Description of the task:
Give again, word for word, only the lines of the material below from its first line through the one that holds "앞서 전국 594개 초등학교"; pictures stay out.

Data section:
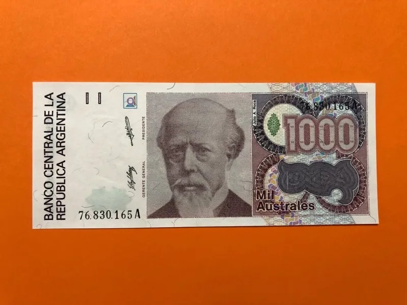 اسکناس تک بانکی 1000 آستارال آرژانتین شماره متفاوت
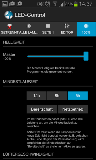 * Laufzeit der Lampen festlegen
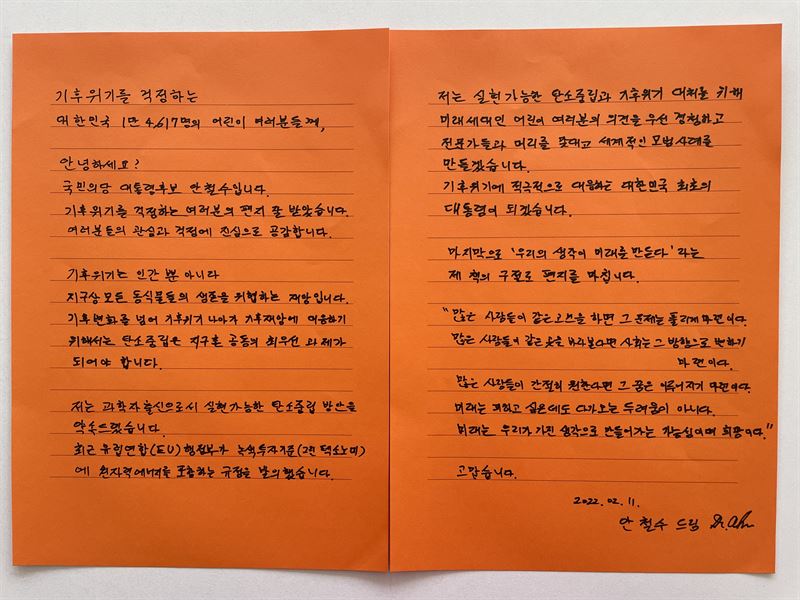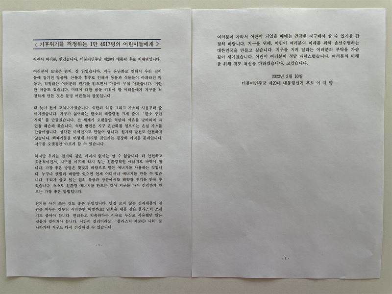 앞서 전국 594개 초등학교 1만4천6백17명 학생들은 대선 후보들에게 기후위기 대응을 요청하는 손편지를 썼고, 그린피스는 이 편지들을 모아 지난달 25일 주요 후보 캠프에 전달했다.
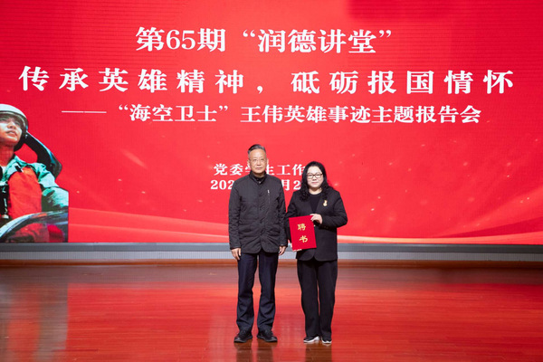 11月27日下午,第65期“潤德講堂”在馬可音樂廳順利舉行。“海空衛(wèi)士”王偉烈士的妻子、原海軍上校阮國琴以“傳承英雄精神,砥礪報國情懷”為核心,分享了王偉烈士的英雄事跡與精神傳承,與師生共同緬懷先烈、汲取奮進力量。

Answer to the exercise:
 اسکناس تک بانکی 1000 آستارال آرژانتین شماره متفاوت
 * Laufzeit der Lampen festlegen
 앞서 전국 594개 초등학교 1만4천6백17명 학생들은 대선 후보들에게 기후위기 대응을 요청하는 손편지를 썼고, 그린피스는 이 편지들을 모아 지난달 25일 주요 후보 캠프에 전달했다.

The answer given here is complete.